### Listed records
____

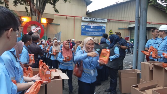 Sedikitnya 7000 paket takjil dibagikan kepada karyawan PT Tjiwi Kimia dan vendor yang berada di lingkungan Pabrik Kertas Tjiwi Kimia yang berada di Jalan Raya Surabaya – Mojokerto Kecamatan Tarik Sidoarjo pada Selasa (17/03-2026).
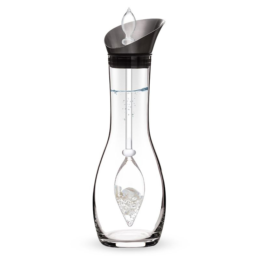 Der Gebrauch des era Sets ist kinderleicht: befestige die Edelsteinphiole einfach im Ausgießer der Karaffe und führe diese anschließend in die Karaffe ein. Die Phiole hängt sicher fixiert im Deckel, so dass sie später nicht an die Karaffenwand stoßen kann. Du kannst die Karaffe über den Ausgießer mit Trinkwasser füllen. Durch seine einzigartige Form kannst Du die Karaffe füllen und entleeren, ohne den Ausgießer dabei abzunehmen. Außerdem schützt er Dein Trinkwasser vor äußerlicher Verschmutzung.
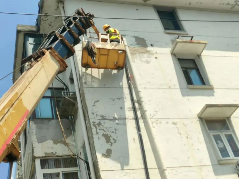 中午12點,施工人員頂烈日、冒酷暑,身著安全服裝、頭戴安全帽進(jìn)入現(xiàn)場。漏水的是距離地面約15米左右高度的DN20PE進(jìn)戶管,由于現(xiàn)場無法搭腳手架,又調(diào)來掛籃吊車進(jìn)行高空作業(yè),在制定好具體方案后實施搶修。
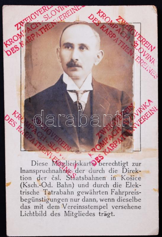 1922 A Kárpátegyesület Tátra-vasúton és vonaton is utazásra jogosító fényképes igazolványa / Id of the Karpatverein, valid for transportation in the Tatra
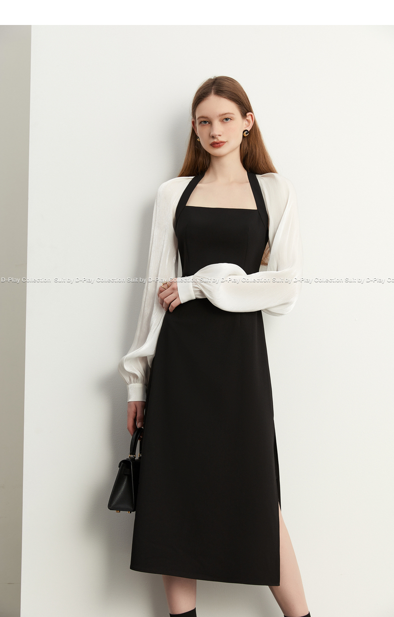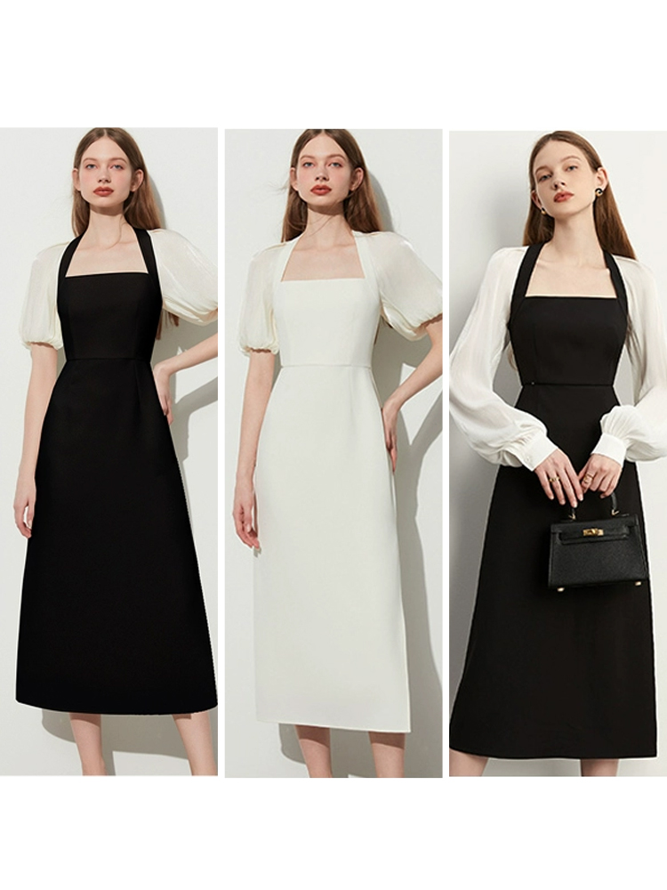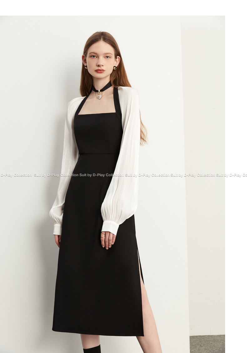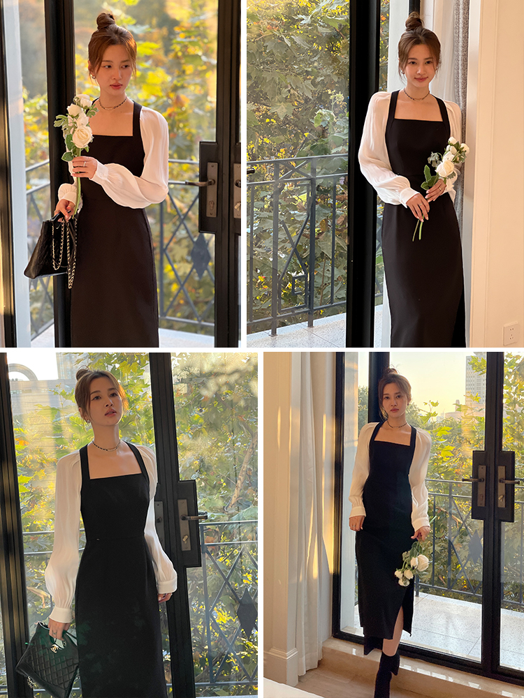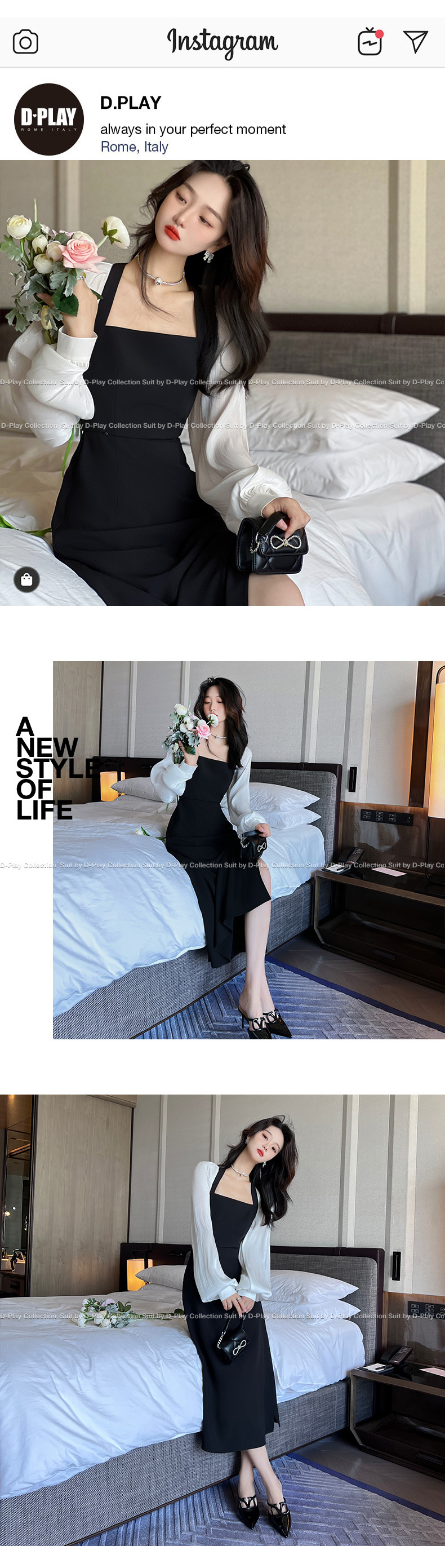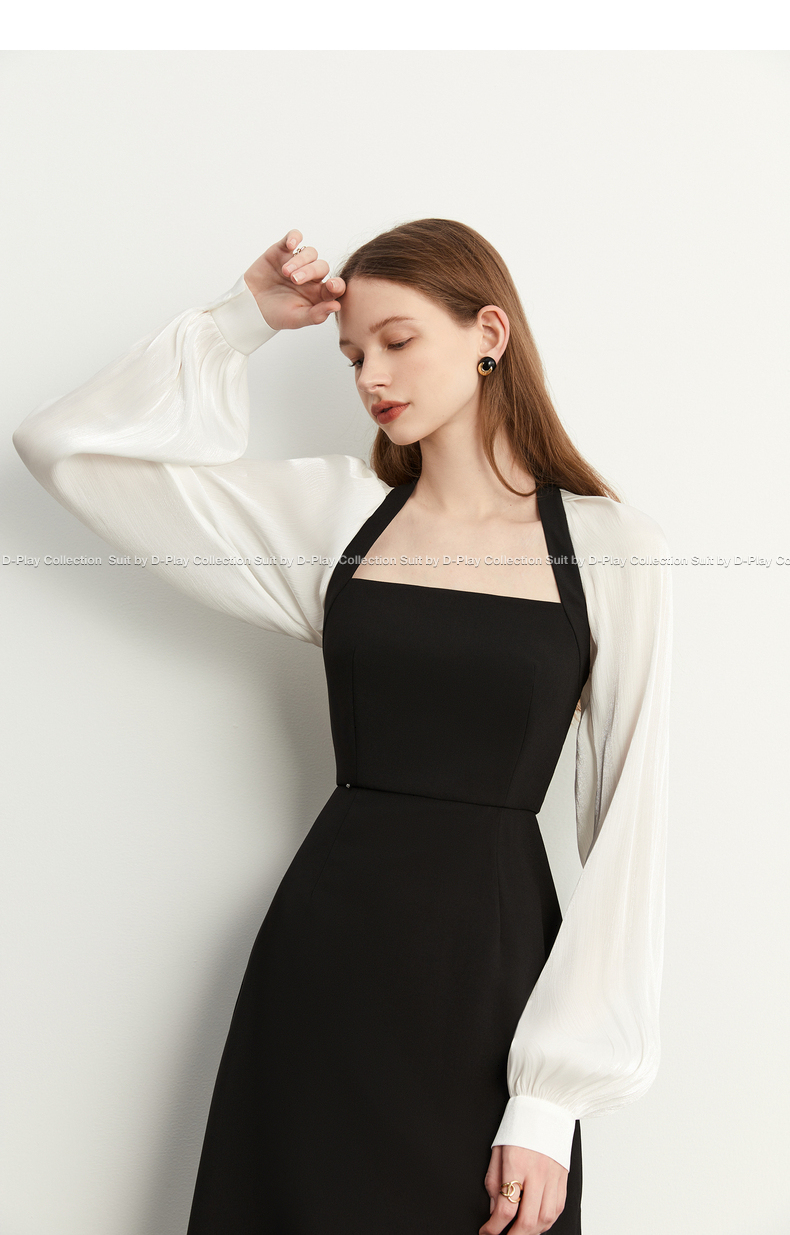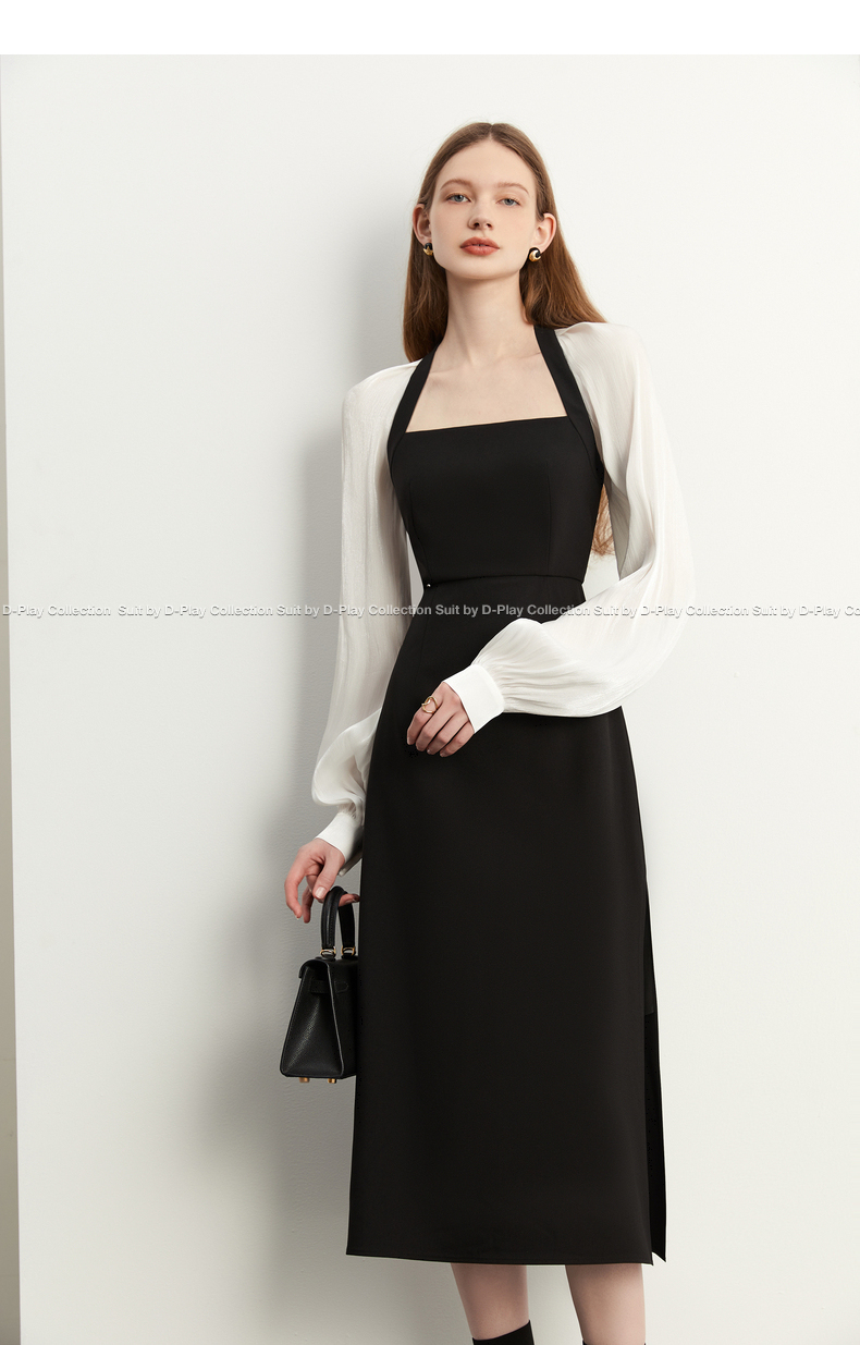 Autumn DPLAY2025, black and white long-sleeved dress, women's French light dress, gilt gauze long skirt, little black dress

____

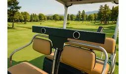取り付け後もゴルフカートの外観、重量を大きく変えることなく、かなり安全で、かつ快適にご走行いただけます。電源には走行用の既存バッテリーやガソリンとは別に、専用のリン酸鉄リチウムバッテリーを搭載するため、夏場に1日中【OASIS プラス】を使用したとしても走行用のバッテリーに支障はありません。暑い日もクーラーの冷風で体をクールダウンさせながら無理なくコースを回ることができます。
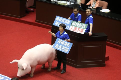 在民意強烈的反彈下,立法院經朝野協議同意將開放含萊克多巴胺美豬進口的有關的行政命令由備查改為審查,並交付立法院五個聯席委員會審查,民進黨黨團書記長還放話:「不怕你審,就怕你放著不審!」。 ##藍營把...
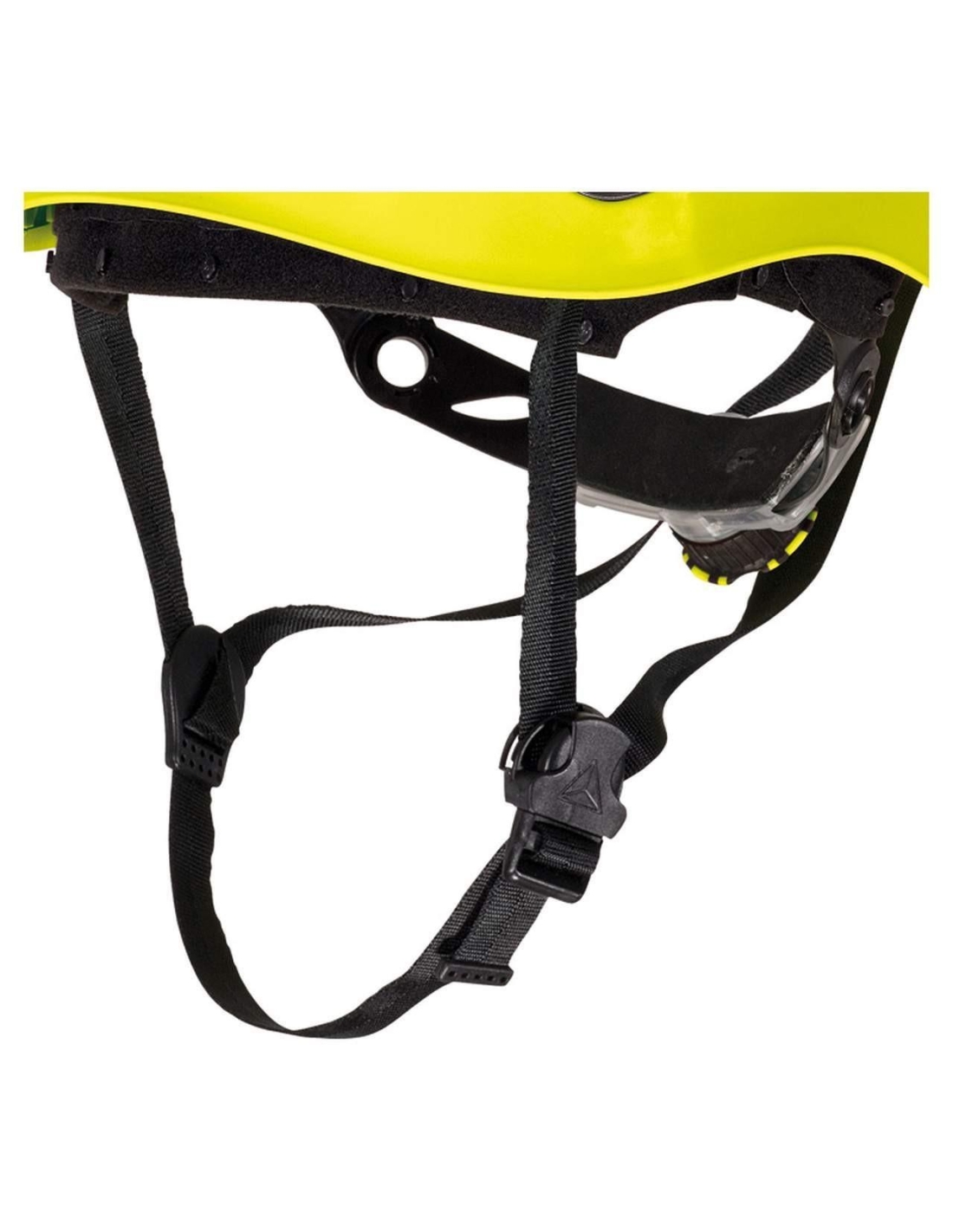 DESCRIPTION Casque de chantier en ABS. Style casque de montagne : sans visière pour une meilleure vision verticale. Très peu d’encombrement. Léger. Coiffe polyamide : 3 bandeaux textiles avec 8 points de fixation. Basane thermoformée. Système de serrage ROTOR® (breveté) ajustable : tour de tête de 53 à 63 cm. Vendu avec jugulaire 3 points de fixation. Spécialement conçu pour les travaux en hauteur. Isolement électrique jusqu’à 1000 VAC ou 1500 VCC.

____

### Exercise brief
Start at the line containing "Sedikitnya 7000 paket" above and stop at the line containing "Autumn DPLAY2025, black". Output those lines exactly, both included, but none of the pictures.

### Problem solution
 Sedikitnya 7000 paket takjil dibagikan kepada karyawan PT Tjiwi Kimia dan vendor yang berada di lingkungan Pabrik Kertas Tjiwi Kimia yang berada di Jalan Raya Surabaya – Mojokerto Kecamatan Tarik Sidoarjo pada Selasa (17/03-2026).
 Der Gebrauch des era Sets ist kinderleicht: befestige die Edelsteinphiole einfach im Ausgießer der Karaffe und führe diese anschließend in die Karaffe ein. Die Phiole hängt sicher fixiert im Deckel, so dass sie später nicht an die Karaffenwand stoßen kann. Du kannst die Karaffe über den Ausgießer mit Trinkwasser füllen. Durch seine einzigartige Form kannst Du die Karaffe füllen und entleeren, ohne den Ausgießer dabei abzunehmen. Außerdem schützt er Dein Trinkwasser vor äußerlicher Verschmutzung.
 中午12點,施工人員頂烈日、冒酷暑,身著安全服裝、頭戴安全帽進(jìn)入現(xiàn)場。漏水的是距離地面約15米左右高度的DN20PE進(jìn)戶管,由于現(xiàn)場無法搭腳手架,又調(diào)來掛籃吊車進(jìn)行高空作業(yè),在制定好具體方案后實施搶修。
 1922 A Kárpátegyesület Tátra-vasúton és vonaton is utazásra jogosító fényképes igazolványa / Id of the Karpatverein, valid for transportation in the Tatra
 Autumn DPLAY2025, black and white long-sleeved dress, women's French light dress, gilt gauze long skirt, little black dress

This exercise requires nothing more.